Иисус Навин
Щеки Мариам вспыхнули густым румянцем: она вдвойне почувствовала жало, скрывавшееся в этих словах, так как оно было направлено Иосией против нее. Как много выстрадать пришлось ей сегодня из-за своего пола, а теперь и он заставляет почувствовать, что она неравноправна с ним, что она только женщина. Возле сооруженного Гуром памятника, на котором лежала теперь ее рука, он требовал ее решения, как бы считая ее принадлежащей к числу вождей народа, а теперь он уже указывал ее место, тогда как Мариам чувствовала, что она ни умом, ни дарованиями не ниже кого бы то ни было из мужчин.
Но Иосия тоже чувствовал себя оскорбленным, и ее манера держать себя показывала ему, что этот час должен решить, кому из них, ему или ей, будет принадлежать главенство в их будущем союзе. Он стоял перед нею в гордом и строгом величии; никогда еще он не являлся перед нею таким мужественным и привлекательным. Но желание бороться за свое оскорбленное женское достоинство одержало в ней верх над всеми иными чувствами, и наконец она прервала тягостное молчание, последовавшее за его резкими словами, и со спокойствием, которое удалось ей сохранить только с помощью всей своей силы воли, сказала:
— Мы оба забываем о деле, которое удерживает нас здесь в поздний час ночи. Ты хотел сообщить мне, зачем приехал сюда, и услышать от меня то, что скажет на это не Мариам, слабая женщина, а доверенная Господа.
— Я надеялся услышать также и голос девушки, на любовь которой рассчитывал, — угрюмо возразил он.

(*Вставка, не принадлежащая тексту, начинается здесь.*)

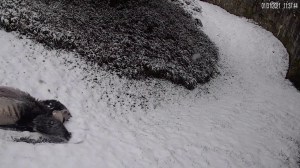 Giant pandas frolic in the white snow.
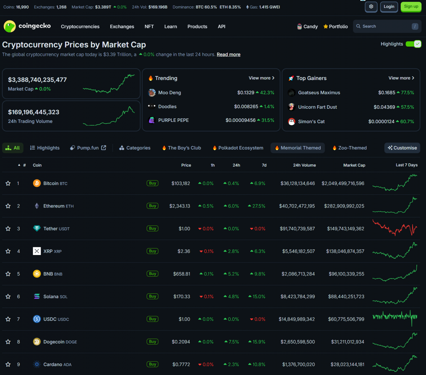 Bitcoin vẫn giữ quanh 103,000 USD. Nhiều altcoin top 10 vẫn tăng đáng kể như ETH, SOL, DOGE. Vốn hóa thị trường là 3.388 tỷ USD.

— Ты услышишь его, — быстро проговорила она и отняла руку от памятника. — Но, может быть, я буду не в состоянии согласиться с мнением мужчины, сила и ум которого так далеко превосходят мои; а между тем ты только что показал, что не потерпишь противоречия от женщины, даже и от меня.
— Мариам! — прервал он ее с укором.
Но она еще с большею горячностью продолжала:
— Я почувствовала это, и так как потерять твое сердце было бы величайшим горем моей жизни, то ты должен научиться понимать меня, прежде чем потребуешь, чтобы я высказала свой приговор.
— Выслушай сперва данное мне поручение.
— Нет, нет! — возразила с живостью Мариам. — Ответ в эту минуту замер бы на моих губах! Позволь мне прежде рассказать тебе о женщине, которая обладает любящим сердцем, но знает и нечто другое, что в ее глазах стоит выше любви. Ты улыбаешься? И ты имеешь право на это, пока не знаешь того, что я намерена тебе рассказать.
— В таком случае говори! — прервал он ее тоном, ясно показывавшим, как трудно было ему принудить себя к терпению.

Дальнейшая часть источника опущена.